How to combat food fraud
Food fraud can have a dire impact on food safety, especially when products deemed allergen-free are adulterated with the substance in question, harmful microorganisms flourish as a result of noncompliant practices, or carcinogens become introduced into the food supply. Even when not a public health hazard, the crime of food fraud compromises a product’s authenticity, an attribute of increasing value to consumers.
Fortunately, vulnerability assessment throughout the supply chain, coupled with more stringent traceability measures, helps to mitigate this threat to the global food supply, experts contend.
Because they deal with multitudinous private brand suppliers, grocery retailers with store brands need to be aware of this growing problem — one that could surge as consumers become ever more demanding about the ingredients in their food and willing to pay higher prices for clean label, free-from, sustainable, locally sourced and premium-quality products.
Unlike food tampering intended to cause public harm or terror, food fraud’s main motivation is economic gain, points out John Spink, PhD, director of the Food Fraud Initiative at the Michigan State University College of Veterinary Medicine. A clandestine crime that is difficult to detect, the deliberate adulteration or misrepresentation of food costs the global food industry nearly $50 billion a year, according to Ann Arbor, Mich.-based NSF International, a public health and safety organization.

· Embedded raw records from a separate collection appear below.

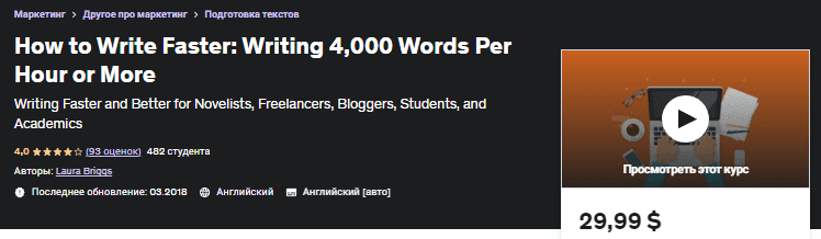 [Udemy] Как писать быстрее: Писать 4000 слов в час или больше (2022)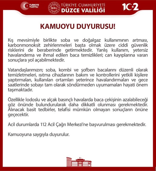 Kısacası, duyuru karbonmonoksit zehirlenmelerini önlemek için alınması gereken hayati önlemleri kamuoyuna hatırlatıyor.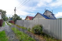 Участок огорожен забором из проф листа. Дом иделен для круглогодичного проживания а так же для использования под дом выходного дня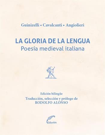 El mismo título, La gloria de la lengua, repite una cita de La Divina Comedia, con las cual se abre el Prólogo. En ella, Dante Alighieri alude elogiosamente a Guido Guinizelli, fundador del "dolce stil nuovo", y a Guido Cavalcanti, primer gran poeta lírico de Italia y figura máxima de la misma escuela medieval, de la cual desciene el propio autor de La Divina Comedia. Esta antología bilingüe de la mejor poesía italiana del siglo XIII se completa con otro figura señera y personal, pero antípoda: Cecco Angiolieri, su contemporáneo. Mientras ambos Guidos fueron de noble abolengo, con intensa participación militar y política, Cecco llevó una vida irregular, fue encarcelado y sus cinco hijos debieron renunciar a su herencia, cargada de deudas. El volumen constituye una novedad en nuestra lengua, ya que se trata de tres grandes figuras poco divulgadas, en gran medida por lo dificultoso de su traducción.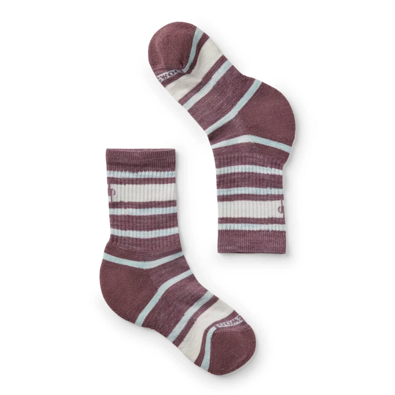 With light cushioning on the entire bottom of the foot, our Kids’ Hike Light Cushion Striped Crew Socks are created to help kids love the hike. They are made from responsibly sourced Merino wool, for natural odor control, temperature regulation, and breathability. Plus, they’re designed for a perfect fit on the foot and in the shoe, and they have a flat knit toe seam and an elasticized arch brace for comfort and support. To top it all off, their stripey design adds style for any fashion-focused young hiker.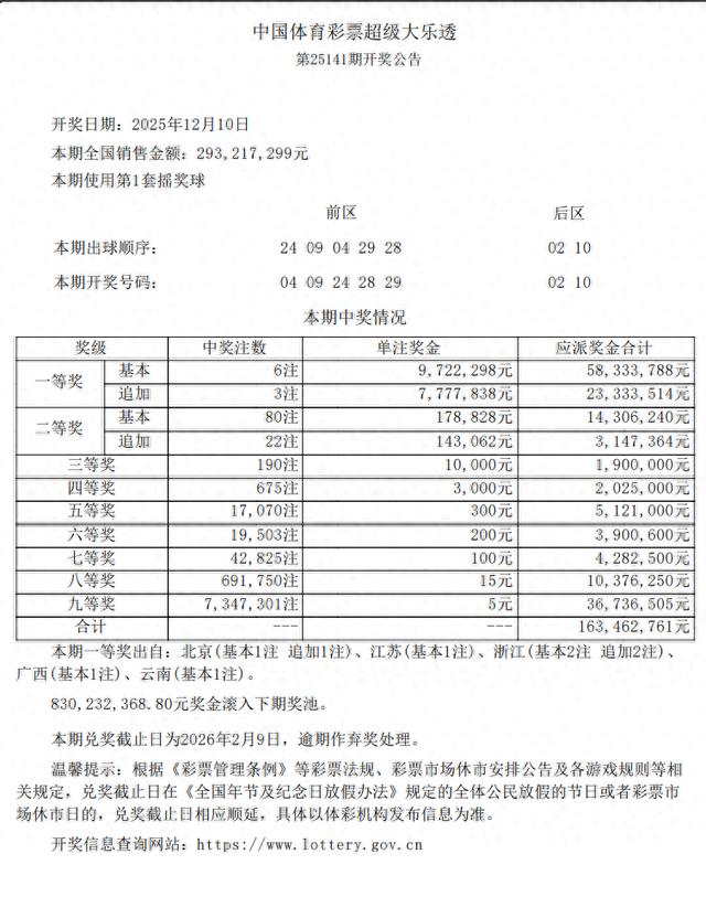 大皖新闻讯中国体育彩票超级大乐透第25141期开奖公告发布,本期一等奖出自:北京(基本1注追加1注)、江苏(基本1注)、浙江(基本2注追加2注)、广西(基本1注)、云南(基本1注)。
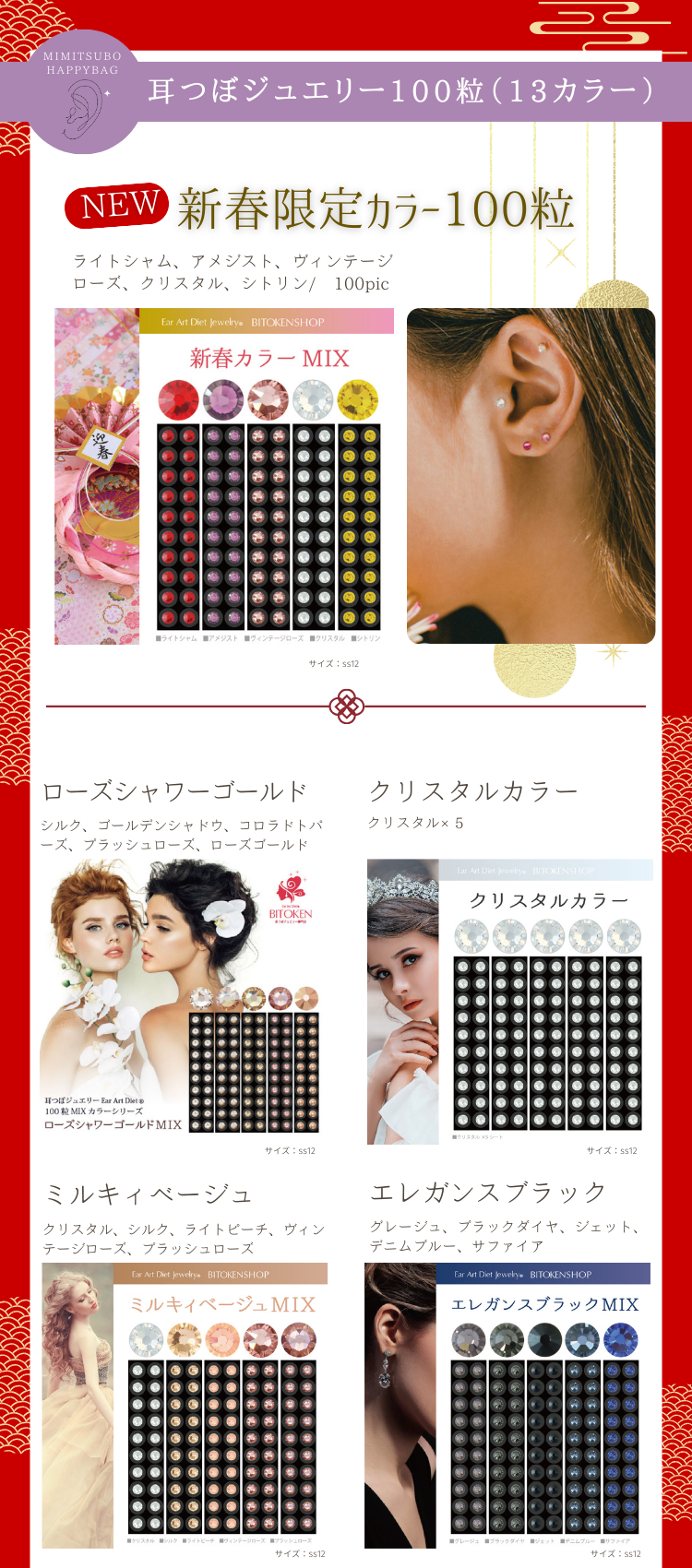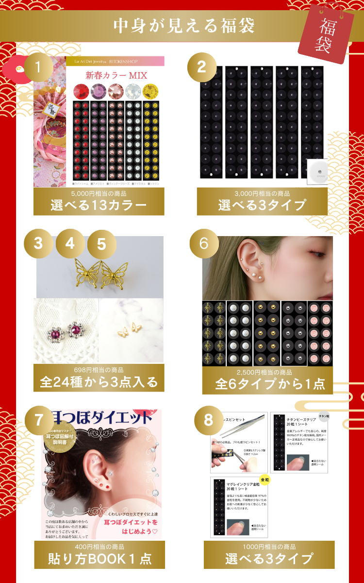 <新春福袋>耳つぼジュエリー【200粒の大福袋10点セット】<選べる耳つぼジュエリー100粒>耳つぼシール選べる100粒耳つぼダイエット<送料無料>耳ツボシール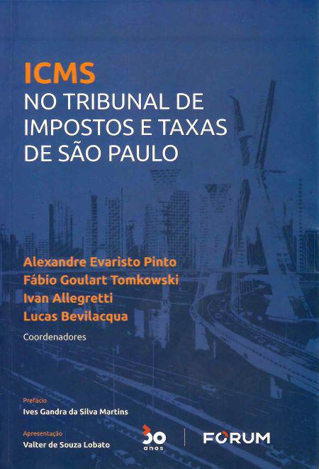|  | Pinto, Alexandre Evaristo; Tomkowski, Fábio Goulart; Allegretti, Ivan; Bevilacqua, Lucas. (coord.). ICMS no Tribunal de Impostos e Taxas de São Paulo . Belo Horizonte: Fórum. 2022. 525 p. |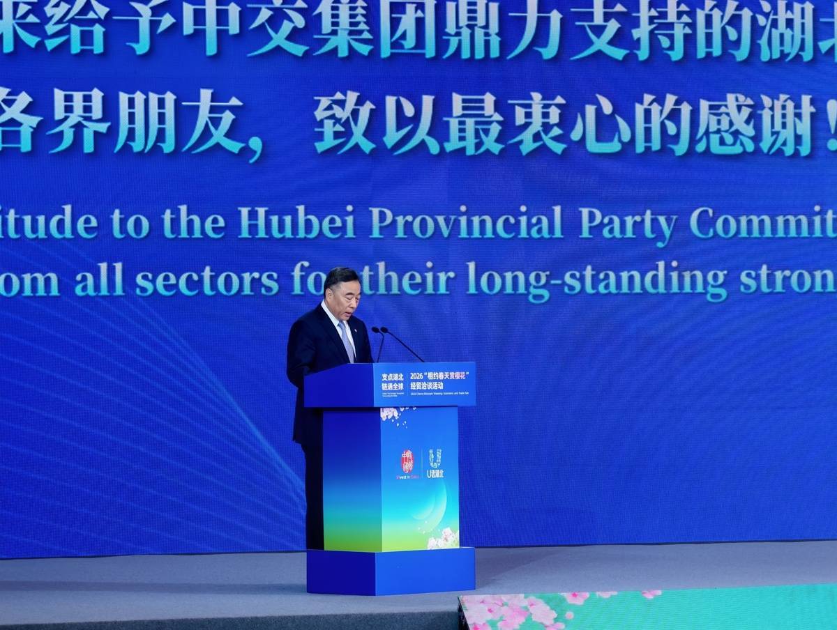 3月31日,2026“相约春天赏樱花”经贸洽谈活动在武汉开幕。开幕式上,中国交通建设集团董事长宋海良介绍,自1950年扎根湖北以来,中交在鄂形成了涵盖5家二级公司、30多家三级子公司、近百家机构的纵深布局。中交集团在鄂业务涵盖综合交通、城市更新、水利环保等多个领域,打造了武汉长江大桥、华中中交城、鄂州花湖机场等一批标志性工程。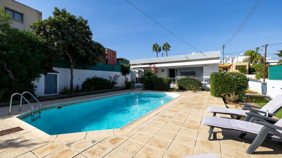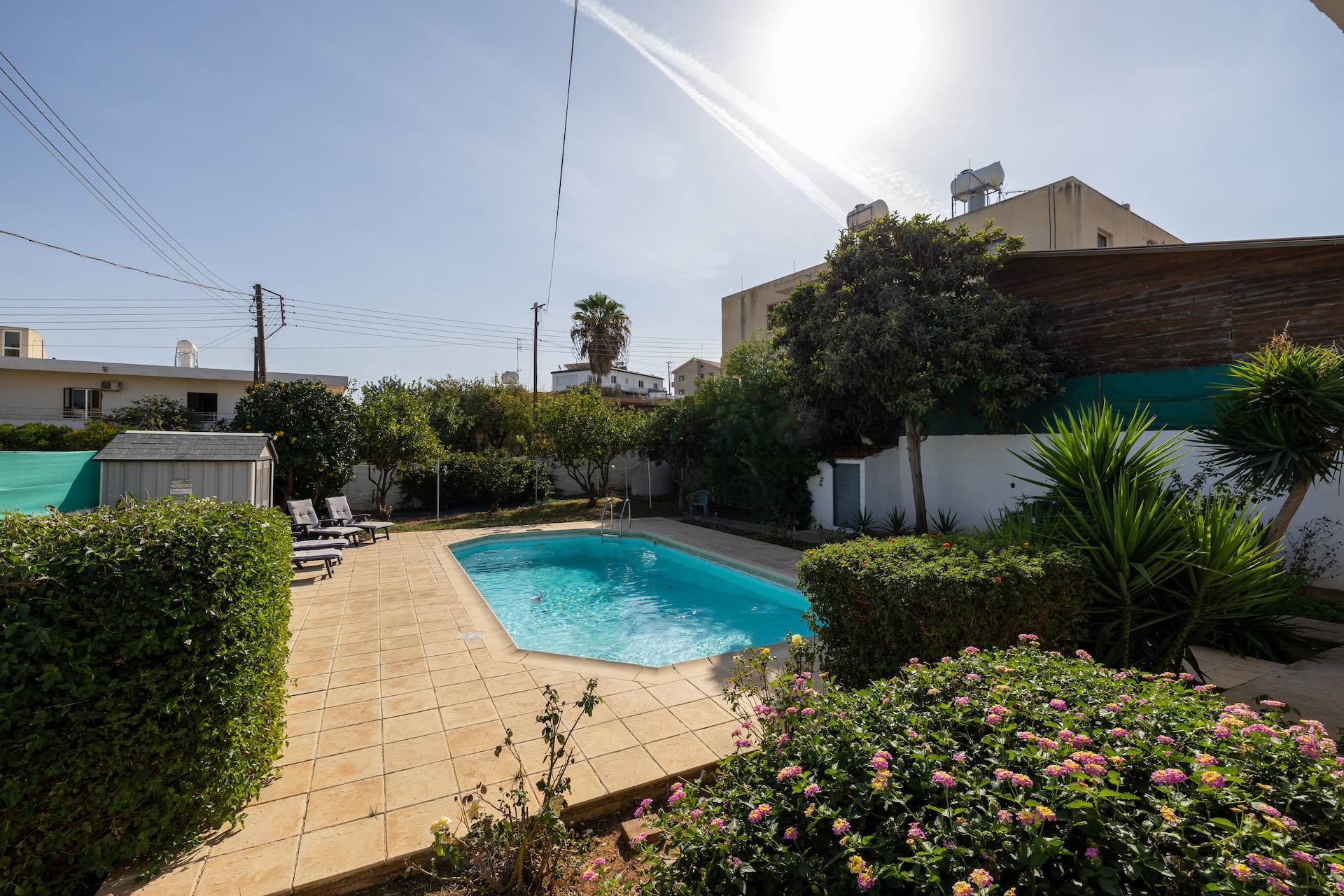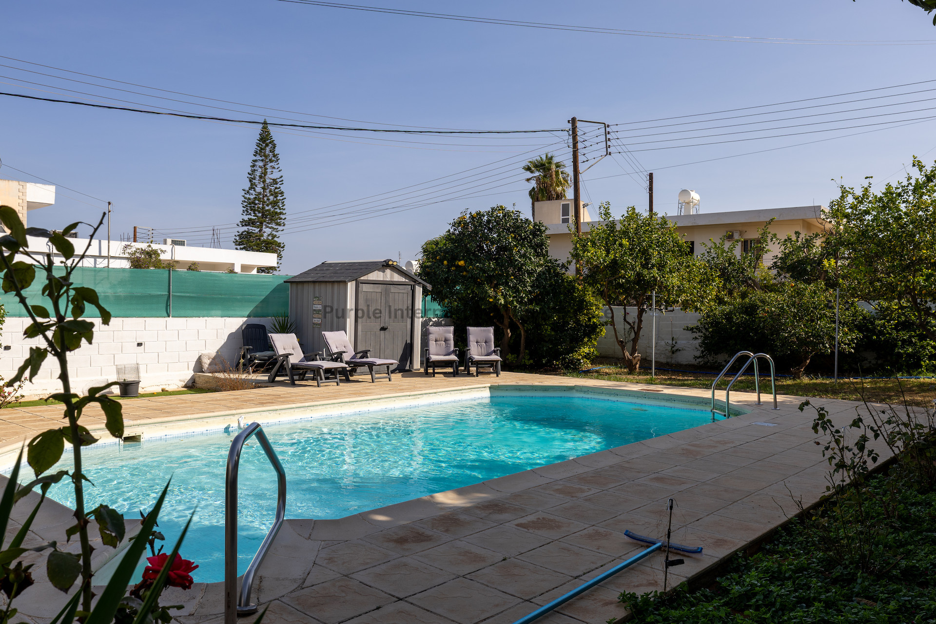 Set on a large 803sqm plot, the property boasts an impressive outdoor area with mature trees and landscaped gardens, ideal for entertaining, relaxing, or enjoying the Mediterranean sunshine. The private swimming pool provides the perfect retreat for hot summer days, while the garage offers covered parking for one car and a separate storage room for added practicality.

Although it has existed since ancient times, food fraud historically hasn’t been taken seriously, says Andy Morling, head of food crime for the London-based National Food Crime Unit, a division of the U.K. Food Standards Agency. Globally, food crime sees “very low levels” of reporting and victim awareness, he noted during a panel discussion at the recent Food Safety Summit in Rosemont, Ill.
In the United Kingdom, this all changed with the “horse meat scandal” of 2013, in which horse meat DNA was discovered in frozen beef patties and other products such as frozen lasagna and frozen spaghetti with beef Bolognese sauce — predominantly own-brand items sold at Tesco, Aldi and other European grocery retailers.
Originating from horse slaughterhouses in Romania and Poland, the horse meat was deliberately relabeled as beef later in the supply chain. A Dutch meat wholesaler was convicted for his role in the Europewide scandal, which involved a number of individuals and companies.
“This was big news,” Morling stressed. “We kind of love our horses in the U.K. as you do in the United States. And the thought of eating one, although our European neighbors do on a regular basis, was just something that we were not prepared to do.”
As Morling explained, the public pain caused by this particular incident was two-fold: Not only had criminals infiltrated the food supply, but also the idea that food was somehow inviolable was forever put to rest. What’s more, the massive scale of the fraud, “believed to involve organized crime at a serious level and scope,” shook up the country.
“It really made the government wake up to a problem that had been brewing for many years,” Morling said.
Global in scope, olive oil fraud has also seized the public’s attention in recent years, with the championing of the Mediterranean diet as the world’s most healthful driving consumer demand for extra-virgin olive oil. Indeed, a sizeable proportion of “extra-virgin” olive oil from Italy is adulterated, not truly extra-virgin, not produced in Italy and, in some cases, not even olive oil.
It’s easy to imagine organized crime and profit-hungry companies exploiting for economic gain other contemporary consumer preferences — misrepresenting ordinary food as organic, non-GMO, fair trade or vegan, for example.
Adopting food fraud preventive controls, including vulnerability assessment, is a certification requirement of the Global Food Safety Initiative (GFSI) that will take effect in 2018. “If you are going to be GFSI-compliant, it is not optional to do a vulnerability assessment and have a food fraud prevention plan,” Spink stressed during the panel discussion. “If you don’t do this, you’re not [going to be] allowed to stay in business and people are not going to buy from you if your product is subject to a recall.”
The GFSI’s “Issue 7 Guidance Document” on food fraud specifically requires GFSI-recognized organizations to have a “documented food fraud vulnerability assessment procedure” in place to identify potential areas of vulnerability and prioritize food fraud mitigation measures.
The Food Safety Modernization Act (FSMA) also addresses food fraud. In addition, fraud prevention and vulnerability assessment standards are being considered for inclusion in Codex Alimentarius, the world food code. What’s more, public companies must now report the financial risks associated with food fraud vulnerability under the Sarbanes-Oxley Act of 2002, Spink noted.
As a part of enterprise risk management, food fraud prevention “can be very overwhelming if you don’t break it down into bite-size chunks,” observed panelist Peter Begg, a former senior director for global quality at Mondelez International.
Although food companies for years have had measures in place that partially address food fraud, “having a holistic, systematic plan focused on food fraud is relatively new for the industry,” Begg said.
But addressing food fraud, specifically the economically motivated adulteration (EMA) of food products, is not just about compliance with new standards, Begg emphasized. It’s about “protecting your company and its brands from potential risks.”